Pour un transport urbain efficace, il faut, selon lui, absolument offrir une alternative aux conducteurs: «il ne s'agit pas seulement de construire des routes car les routes s'encombrent».

Selon un rapport de la Banque mondiale, publié en 2013 et intitulé «Transformer les villes à travers le transit», l'augmentation du parc automobile est supérieure dans les pays émergents, par rapport aux nations développées. Une hausse qui croît avec les constructions de routes.

Directrice du département finance, économie et développement urbain de la Banque mondiale, Zoubida Alloua explique à l'AFP que, faute de transports publics performants, l'idée de faire payer aux automobilistes le droit d'utiliser la voiture ou réduire les parcs de stationnement s'avère souvent vaine.

«Les gouvernements doivent investir beaucoup dans les transports publics, au lieu des routes. Sinon il est très difficile de jouer sur l'aspect financier. On ne peut pas pénaliser les gens si on ne leur offre pas d'alternative», insiste-t-elle.

Le rapport de la Banque mondiale montre aussi que le nombre d'accidents routiers s'est réduit dans les pays développés, alors qu'il est en moyenne quatre fois plus élevés dans les pays émergents.

Piste cyclable séparée si le trafic dépasse les 30 km/h 

Selon une étude de l'Observatoire de la mobilité urbaine pour l'Amérique latine, dépendant de la CAF, les conditions de sécurité sont très mauvaises, avec à l'appui un chiffre inquiétant: 51 % des victimes mortelles d'accidents de la route sont des piétons.

Le constat latino-américain dressé par la CAF est sans appel: «le transport public est de mauvaise qualité et d'un coût élevé pour les usagers».

Autre phénomène constaté dans cette région, la hausse du parc des motos qui «augmente de 15 % par an», «ce qui génère de l'insécurité», indique à l'AFP Nilo Cruz, représentant d'un réseau international de villes latino-américaines.

Le vélo, alternative moins risquée, pâtit du manque de pistes cyclables. Secrétaire général de la Fédération européenne des cyclistes, basée à Bruxelles, Bernhard Ensink estime qu'une piste cyclable séparée est nécessaire dès lors que le trafic dépasse la vitesse de 30 kilomètres par heure.

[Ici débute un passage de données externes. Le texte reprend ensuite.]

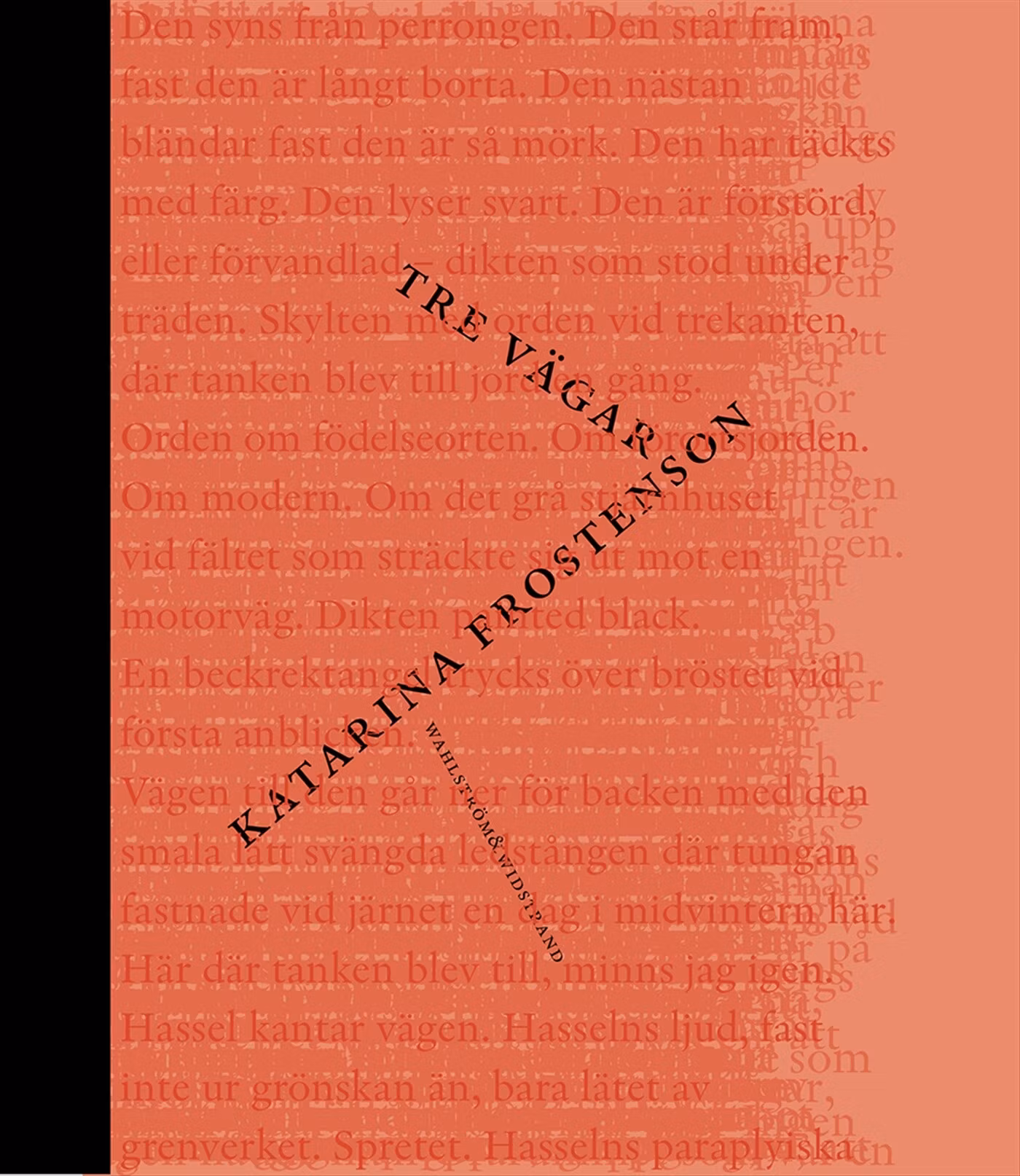 Tre vägar är en treklöver texter på prosa som ibland övergår i dikt. De är vandringar på vägar i Europa, över stigar i förorten och i strändernas öppna natur. De rör sig i verkliga landskap och strövar fritt i tanken utifrån ord, bilder och ögonblick som uppstår under vägen. Berättelserna samtalar om platsens betydelse för skapandet, om minne och glömska, om språkets kraft och konstens makt, om levande och döda, om modern, och om att gå vidare.I en av berättelserna, ”Konstvandringen” är vi på väg till ett fängslande konstverk, bort från lidande och sorg. I en annan, ”Svartmålningen”, blir ett förstört diktverk upptakten till en resa genom barndomens förort där konstnärer som Carl Jonas Love Almqvist, Gennadij Ajgi och Louise Bourgeois närvarar. Strändernas utsatta läge, som ofta undersökts och besjungits i Frostensons böcker, är spelplatsen i en tredje text, ”Strandränderna”. Texternas tonfall skiftar, det är sakligt, lyriskt, vasst, ömsint och ibland dråpligt. Både självbiografi och förvandling. De tre delarna samtalar med varandra och med tidigare texter i Frostensons poetiska värld, samtidigt som de med sina ämnen och tonfall bryter ny mark i författarskapet. Det är inspirerade och inspirerande ord som hela tiden befinner sig i rörelse.
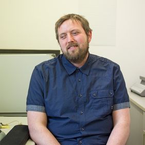 Mein Name ist Stephan Klose. Ich bin 36 Jahre alt. Ich arbeite hier im SFZ Förderzentrum Chemnitz in der dort ansässigen Berufsschule als offizieller Mediengestalter. Das bedeutet in meinem Fall, dass ich aufgrund meiner Behinderung, ich bin seit meiner Geburt blind, die ganze Gestaltung der Lehrmaterialien für unsere blinden Schüler übernehme. Das heißt die Aufgaben, die unsere Lehrer den Schülern geben wollen, übersetze ich von digitaler Normal-Schrift quasi in digitale Braille-Schrift. Ich übersetze dann die Arbeiten der Schüler, die in Braille schreiben, wieder zurück, damit die Lehrer diese wieder lesen können. Von meinen Kollegen bekomme ich gute Vorlagen, da ist es nicht mehr so aufwendig. Aber man muss sich schon Gedanken machen, gerade wenn es um Tabellen geht. Ich bereite sie so auf, dass sie für einen Blinden auch wirklich Sinn machen. Es macht wenig Sinn die 1:1 zu übernehmen. Es gibt immer wieder neue Herausforderungen. Man lernt auch immer wieder etwas dazu. Viele Themen sind ganz interessant.
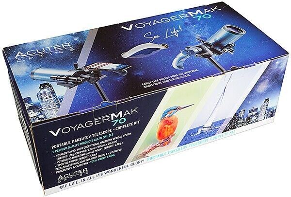 "“Small is beautiful, or so the saying goes, and the Acuter Voyager MAK80 certainly fits the description, even when it’s still in its gift box. The instrument is a compact telescope and it is clearly well-suited for a wide range of activities, from nature and birdwatching to astronomy.... just requires the addition of a tripod, for which there is a 1/4-inch tripod thread included in the Vixen-style mounting bar.... being so light and compact makes it ideal for taking on holiday.... The light carry case is ideal for this system...Perfect for taking on a plane or train as hand luggage.”"
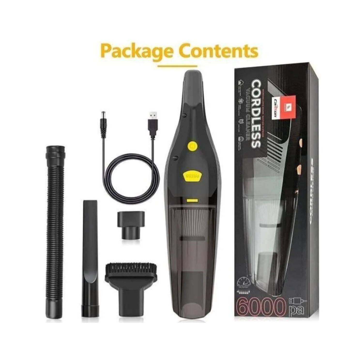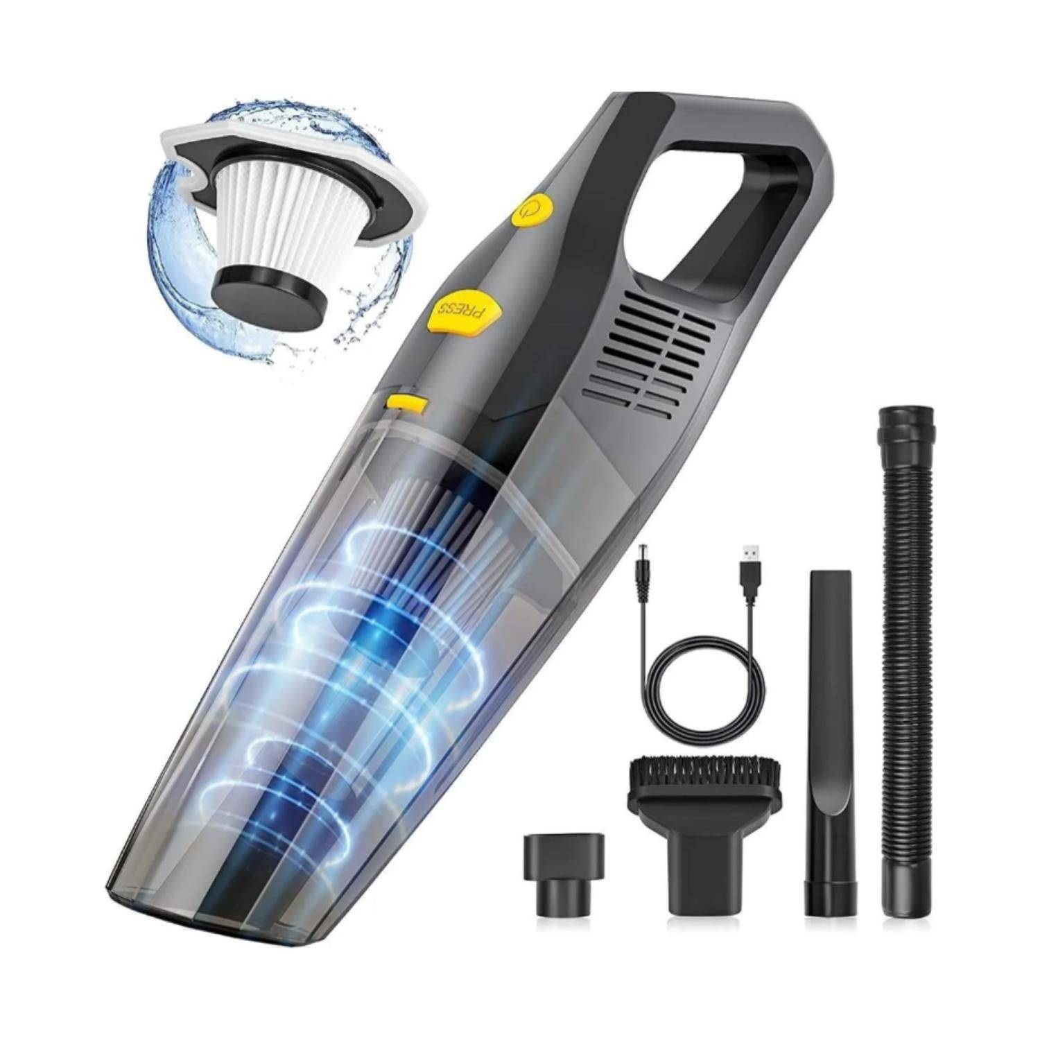 Aspiradora Portatil 6000 Portátil Pelo Mascota Hogar AutoTe ayudará a limpiar fácilmente el polvo, pelo de mascotas, arena, residuos de alimentos, líquidos, residuos ocultos en el cojín o sofá.Cable de alimentación para su carga.Fácil de usar: la aspiradora es ligera y extremadamente cómoda entre otras aspiradoras de mano. Tus manos estarán menos cansadas y puedes guardarlas en casi cualquier lugar de tu coche, limpiará tu coche tan rápida y fácilmente como un profesional.* Marca: CARSUN* Codigo universal de producto: 7867866029452* Incluye filtros reutilizables: Sí* Es industrial: No* Es apto para liquido: Si* Inalámbrico: Sí* Condición del artículo: Nuevo* Linea: ASPIRADOR POLVO* Modelo: 6000PA* Nivel de presión sonora: 0 dBA* Funciones adicionales: AUTO,INALÁMBRICA,PORTÁTIL,USB* Tipos de aspiradora: AUTO,INALAMBRICA,PORTATIL,USB* Voltaje: 7.4* Capacidad de volumen: 2 L* pesos: 1 kilo* Con filtro de salida: Si

«Sans infrastructure sécurisée, il est possible de se retrouver dans un conflit permanent» avec les voitures, souligne M. Cruz.

Au-delà des pistes cyclables, les experts insistent sur une gestion innovante du trafic lui-même: feux intelligents, adaptation des rues avec changement de sens de circulation en fonction des flux durant la journée, etc.

L'un des freins à ces alternatives à la voiture réside dans l'impopularité de ces mesures, admet Mme Alloua. «Dans beaucoup de pays qui ont adopté ce changement, le gouvernement y gagne financièrement à investir dans les transports, et les gens finissent par s'adapter», assure-t-elle toutefois.